§ Task
An exact repetition of the data below, without images, is the expected answer.

§ Provided information
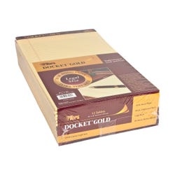 TOPS Docket Gold Legal Pads contain 50 sheets of 20 lb paper measuring 8-1/2 x 14 inches. Features double-stitched binding and Letr-Trim perforations for easy tear out. Legal pads have extra-sturdy 60 pt chipboard backs. Sold as 12 per pack. SFI Certified Sourcing. Canary.
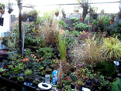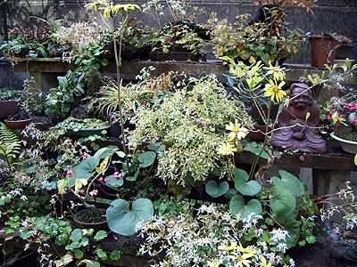 広い庭を埋め尽くす山野草&盆栽たち
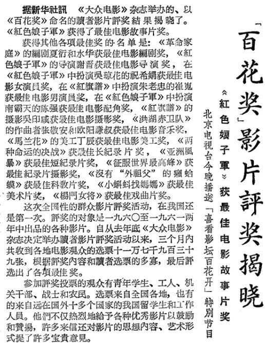 1961年底,为促进电影艺术创作的百花齐放,《大众电影》杂志在北京创办“百花奖”。这种全国性的群众影片评奖活动,当时在我国还是第一次。“百花奖”的设置,其中就包括最佳戏曲片奖。(1961年11月8日《北京日报》2版,《“大众电影”将举办影片评奖》)
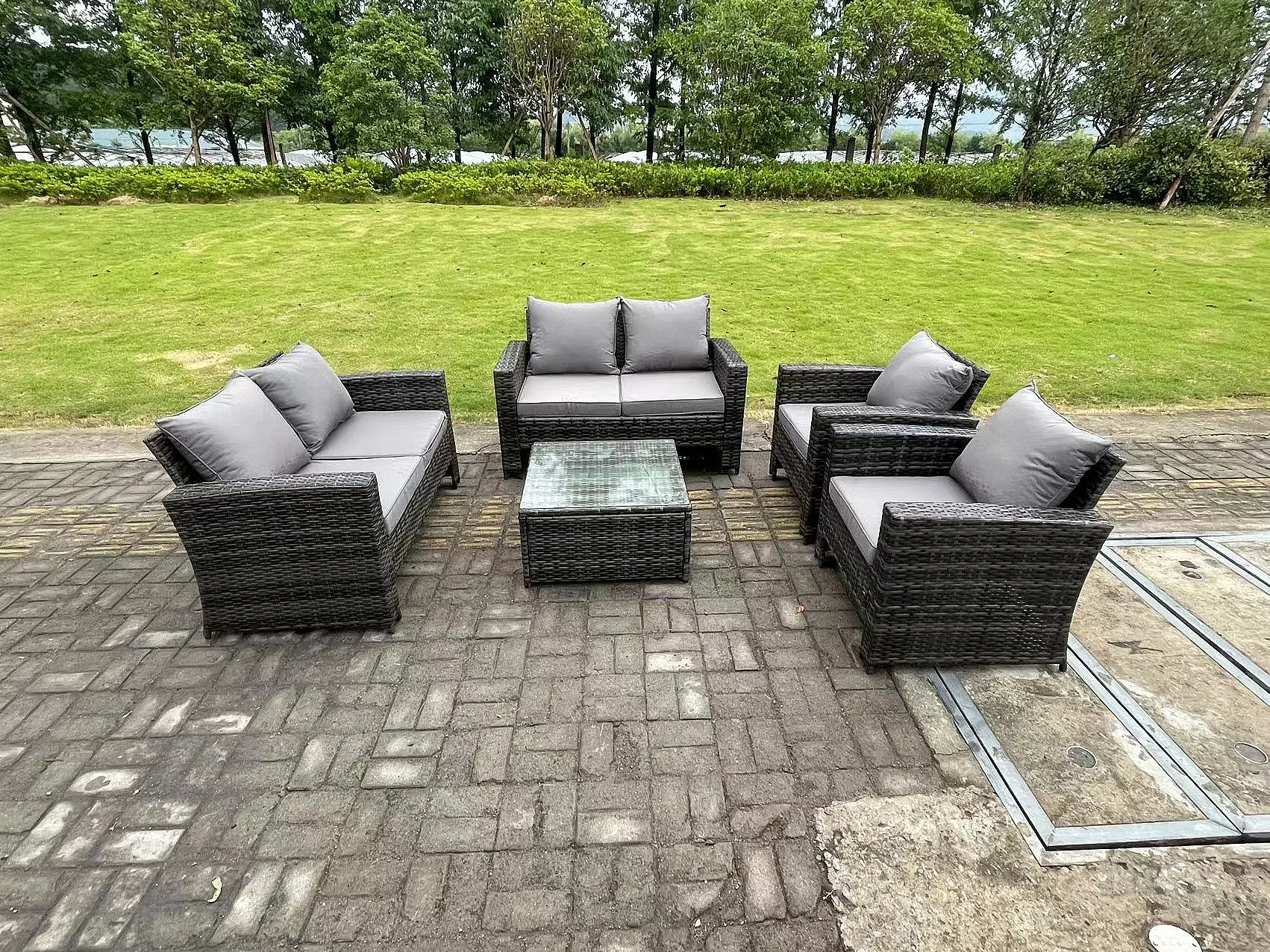 6 Places Gris foncé Ensemble de canapés en rotin à haut dossier ave Table basse carrée ave Canapé
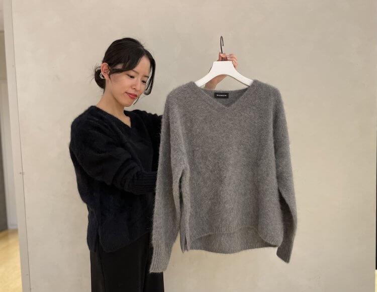 カシミヤブレンドで保温性抜群でタイトスカートやワイドパンツとボトムスを選ばずお召しいただけます◎
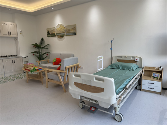 这套样板间模拟居住房屋结构,展示了改造后的厨房、卫生间、客厅等居家功能区,如多功能护理床、适老橱柜、无障碍扶手等适老化用品,居民可一站式体验,并根据自身需求进行选购。同时,样板间还嵌入智能监测设备,比如卧室的一键呼叫按钮,客厅的人体红外线感应器和防摔倒助行器。当老人发生意外或者通过紧急按钮呼叫,仪器立即自动连通呼叫平台,平台会将信息同步发送给监护人、社区以及平台服务人员,确保老人第一时间得到帮助。
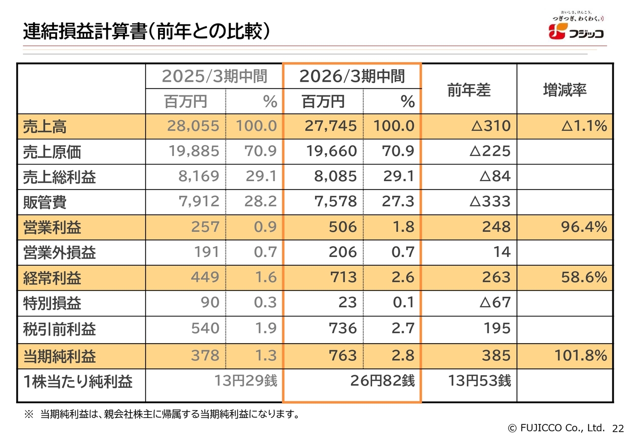 福井正一氏:フジッコ株式会社代表取締役社長執行役員の福井です。みなさま、本日は私どもの中間決算発表説明会にご参加いただき、ありがとうございます。まず、私からこの上期のトピックス、今後の方針や戦略についてお話しした後に、2026年3月期中間決算の概要と通期業績見通しについて発表します。

§ Problem solution
 TOPS Docket Gold Legal Pads contain 50 sheets of 20 lb paper measuring 8-1/2 x 14 inches. Features double-stitched binding and Letr-Trim perforations for easy tear out. Legal pads have extra-sturdy 60 pt chipboard backs. Sold as 12 per pack. SFI Certified Sourcing. Canary.
 広い庭を埋め尽くす山野草&盆栽たち
 1961年底,为促进电影艺术创作的百花齐放,《大众电影》杂志在北京创办“百花奖”。这种全国性的群众影片评奖活动,当时在我国还是第一次。“百花奖”的设置,其中就包括最佳戏曲片奖。(1961年11月8日《北京日报》2版,《“大众电影”将举办影片评奖》)
 6 Places Gris foncé Ensemble de canapés en rotin à haut dossier ave Table basse carrée ave Canapé
 カシミヤブレンドで保温性抜群でタイトスカートやワイドパンツとボトムスを選ばずお召しいただけます◎
 这套样板间模拟居住房屋结构,展示了改造后的厨房、卫生间、客厅等居家功能区,如多功能护理床、适老橱柜、无障碍扶手等适老化用品,居民可一站式体验,并根据自身需求进行选购。同时,样板间还嵌入智能监测设备,比如卧室的一键呼叫按钮,客厅的人体红外线感应器和防摔倒助行器。当老人发生意外或者通过紧急按钮呼叫,仪器立即自动连通呼叫平台,平台会将信息同步发送给监护人、社区以及平台服务人员,确保老人第一时间得到帮助。
 福井正一氏:フジッコ株式会社代表取締役社長執行役員の福井です。みなさま、本日は私どもの中間決算発表説明会にご参加いただき、ありがとうございます。まず、私からこの上期のトピックス、今後の方針や戦略についてお話しした後に、2026年3月期中間決算の概要と通期業績見通しについて発表します。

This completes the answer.